La’Shardae Scott, an experienced social worker and the mother of two young sickle cell warriors, surveys the obstacles faced by people living with sickle cell disease, including frequent discrimination. She explains how social workers can use empowerment theory to help patients and families move forward

By La’Shardae Scott, candidate for a doctorate in social work, CEO and president of the Scott Center for Observation, Treatment and Transition

La’Shardae Scott, an experienced social worker and the mother of two young sickle cell warriors, surveys the obstacles faced by people living with sickle cell disease, including frequent discrimination.

An irreversible transformation

I am the mother of three young kings: Eric (12), Emory (8), and Evan (6). I used to feel that my journey as a parent would be “normal”—although I am not exactly sure if there is a normal in parenting. In 2015 and 2016, my life underwent a transformation that will never be reversed.

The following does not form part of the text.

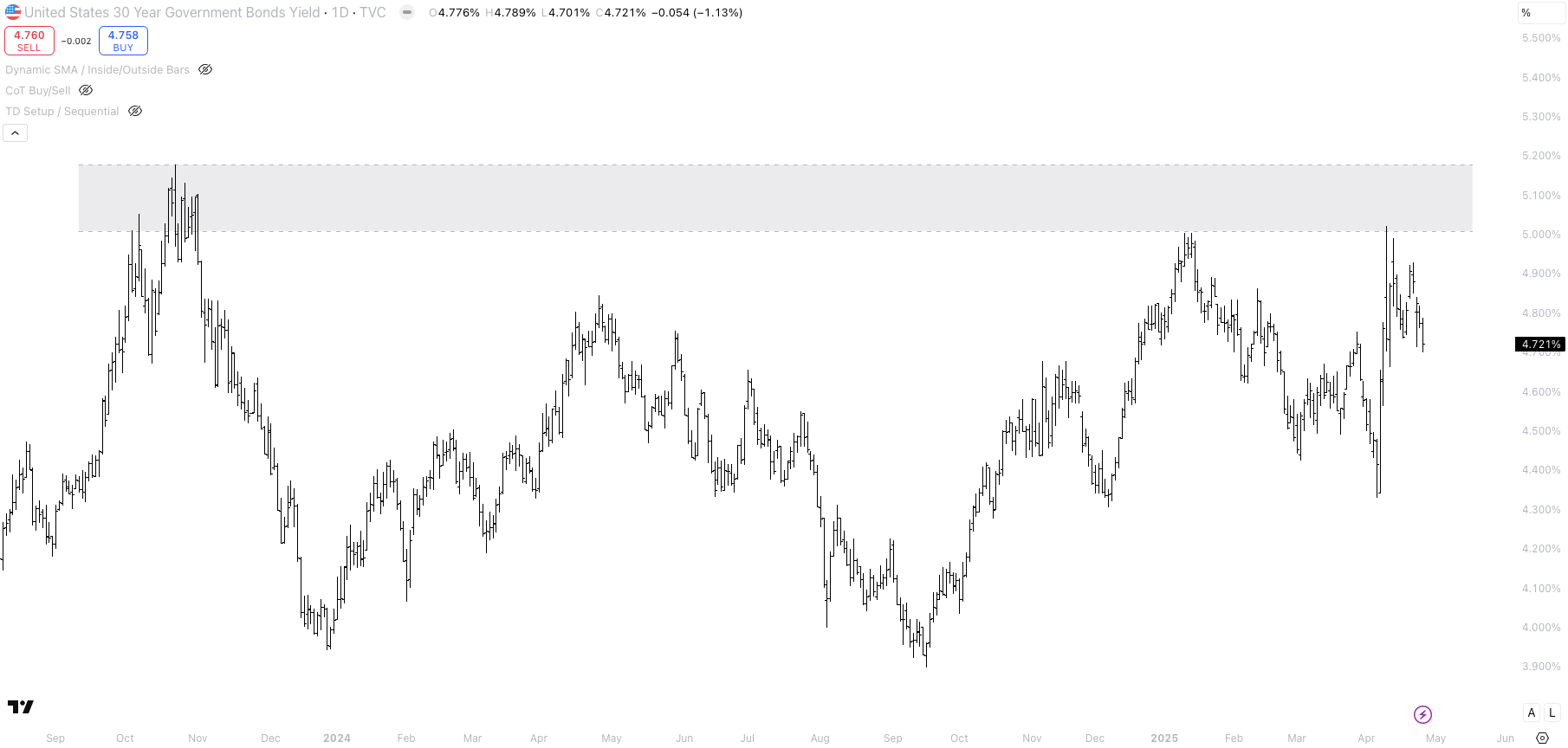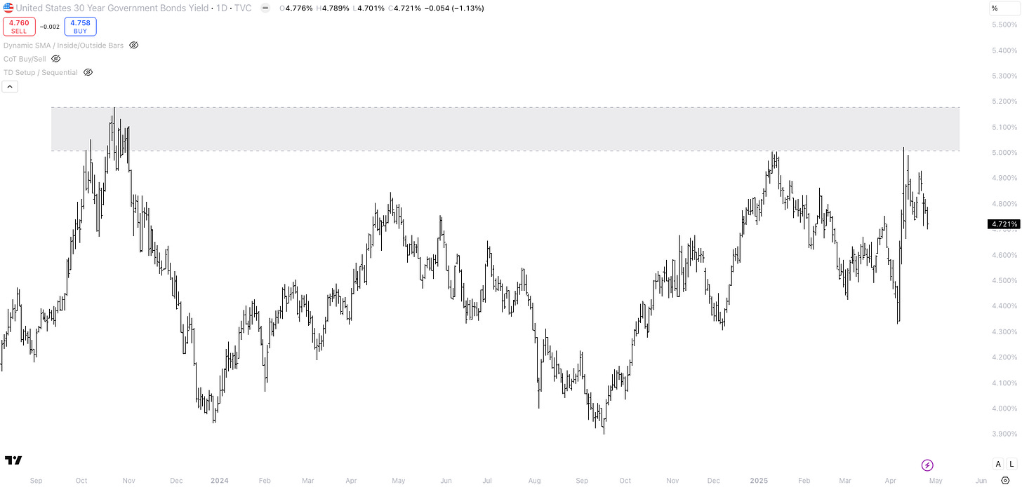 Last week, I highlighted the 5.00%–5.20% range as the danger zone. The key question is whether pension funds, insurers, and asset managers will step in and buy 30-year U.S. bonds yielding 5%. On Wednesday, U.S. 30-year yields actually closed higher after Trump stated he had no intention of firing Powell. Initially, I viewed this as poor price action.
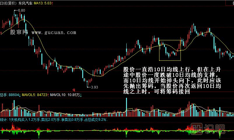 在上升趨勢中,股價回調(diào)時往往是一次不錯的買入機會。當(dāng)上升趨勢形成后,10日均線雖然是強支撐線,但莊家有時出于種種目的,常常會將一些重要的支撐位擊穿,盤面上會出現(xiàn)一些頭部的特征,將一些對技術(shù)一知半解的投資者或是追求短線收益的操作者清理出局,然后再快速拉升股價,讓前期賣出的投資者或場外觀望的投資者再追漲買入。在上升趨勢中主力常常利用這種方法做騙線,引誘投資者上當(dāng)。對此投資者可在股價重回10日均線之上時再次買入。為回避風(fēng)險或保存利潤,當(dāng)股價跌破10日均線時賣出后,如股價在短期內(nèi)又回升至10日均線上方且10日均線仍繼續(xù)上行,應(yīng)再次買入甚至要追漲買入以防踏空,因為莊家洗盤的目的正是為了日后大幅拉升,上升行情仍將繼續(xù)。

When my husband and I learned that Emory and Evan had sickle cell disease, I was suddenly forced to deal with the unexpected. I had significant personal challenges caring for my two sickle cell warriors—I could not even work for the first two years of Emory’s life owing to his frequent hospitalisations. But the chronic nature of my son’s condition didn’t stop me from exhaustively researching the disease.

  • Sickle cell disease is a group of inherited red blood cell disorders, in which the red blood cells become rigid and sticky and look like a C-shape or farm sickle, causing pain throughout the body.1
  • Sickle cell anaemia is usually the most severe form of the disease.2
  • Sickle cell disease is particularly common in people with an African or Caribbean family background.3

When he was only four, Eric, my eldest, began to wonder why his younger brother had to spend so much time in the hospital. In response, my husband and I wrote a children’s book titled What Dr. Shurney Taught Me (available for free on Amazon Kindle) to explain what sickle cell disease is, why Emory has to take it easier than most kids, and why he refuses to let the disease define him, despite the extreme pain he often experiences.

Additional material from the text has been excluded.